WHAT NEEDS TO BE DONE: The expected output is the data below, character for character, without its pictures.

Extracted records
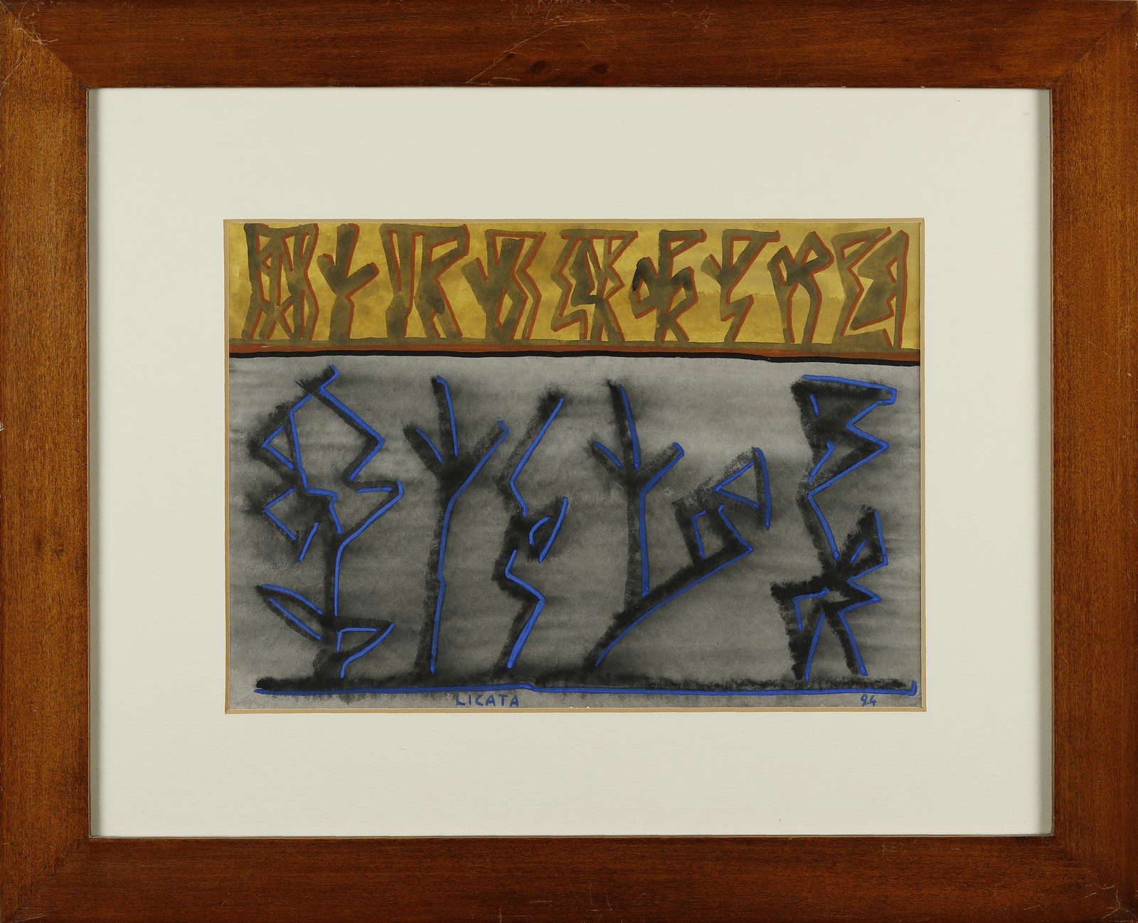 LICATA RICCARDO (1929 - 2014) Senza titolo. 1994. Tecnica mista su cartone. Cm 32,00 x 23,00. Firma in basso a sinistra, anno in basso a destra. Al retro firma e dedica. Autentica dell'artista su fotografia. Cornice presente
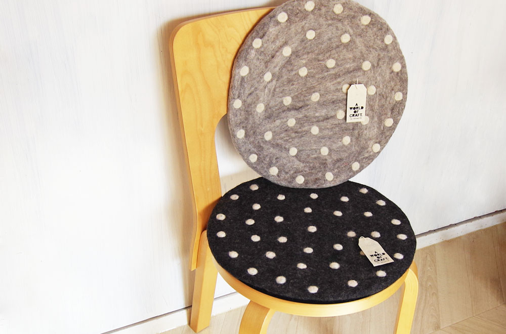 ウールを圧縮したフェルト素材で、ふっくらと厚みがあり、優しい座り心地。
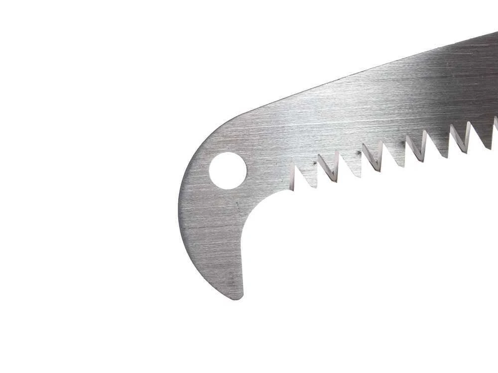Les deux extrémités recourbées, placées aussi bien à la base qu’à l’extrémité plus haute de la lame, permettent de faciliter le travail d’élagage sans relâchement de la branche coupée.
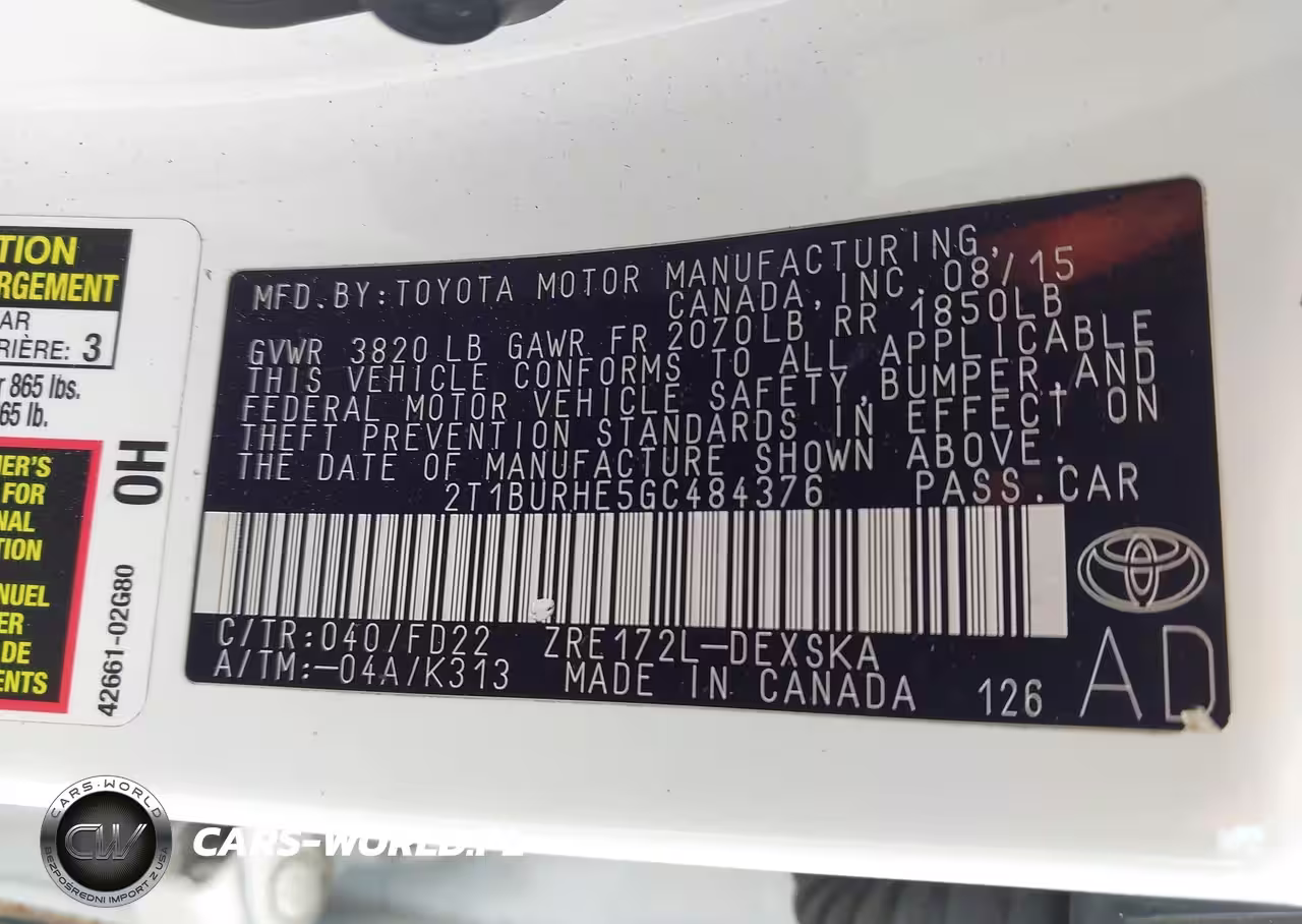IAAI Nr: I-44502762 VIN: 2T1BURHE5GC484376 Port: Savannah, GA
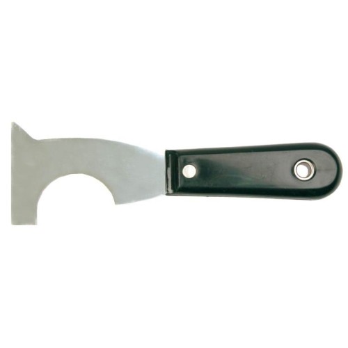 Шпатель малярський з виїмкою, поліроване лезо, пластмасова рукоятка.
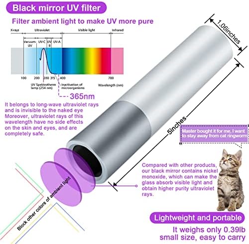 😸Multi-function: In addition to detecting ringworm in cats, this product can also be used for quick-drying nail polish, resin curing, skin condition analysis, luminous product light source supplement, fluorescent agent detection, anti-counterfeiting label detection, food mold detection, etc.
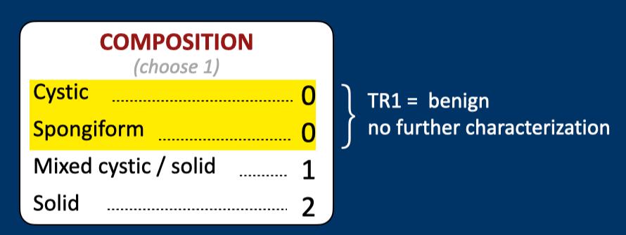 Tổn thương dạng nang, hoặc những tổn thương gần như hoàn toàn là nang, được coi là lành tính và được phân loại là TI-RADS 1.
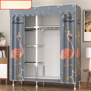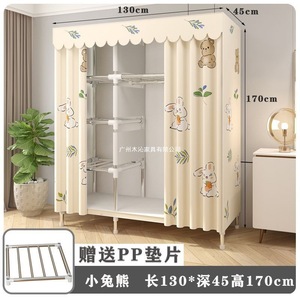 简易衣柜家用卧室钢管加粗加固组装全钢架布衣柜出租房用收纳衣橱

TASK SOLUTION:
 LICATA RICCARDO (1929 - 2014) Senza titolo. 1994. Tecnica mista su cartone. Cm 32,00 x 23,00. Firma in basso a sinistra, anno in basso a destra. Al retro firma e dedica. Autentica dell'artista su fotografia. Cornice presente
 ウールを圧縮したフェルト素材で、ふっくらと厚みがあり、優しい座り心地。
Les deux extrémités recourbées, placées aussi bien à la base qu’à l’extrémité plus haute de la lame, permettent de faciliter le travail d’élagage sans relâchement de la branche coupée.
IAAI Nr: I-44502762 VIN: 2T1BURHE5GC484376 Port: Savannah, GA
 Шпатель малярський з виїмкою, поліроване лезо, пластмасова рукоятка.
 😸Multi-function: In addition to detecting ringworm in cats, this product can also be used for quick-drying nail polish, resin curing, skin condition analysis, luminous product light source supplement, fluorescent agent detection, anti-counterfeiting label detection, food mold detection, etc.
 Tổn thương dạng nang, hoặc những tổn thương gần như hoàn toàn là nang, được coi là lành tính và được phân loại là TI-RADS 1.
 简易衣柜家用卧室钢管加粗加固组装全钢架布衣柜出租房用收纳衣橱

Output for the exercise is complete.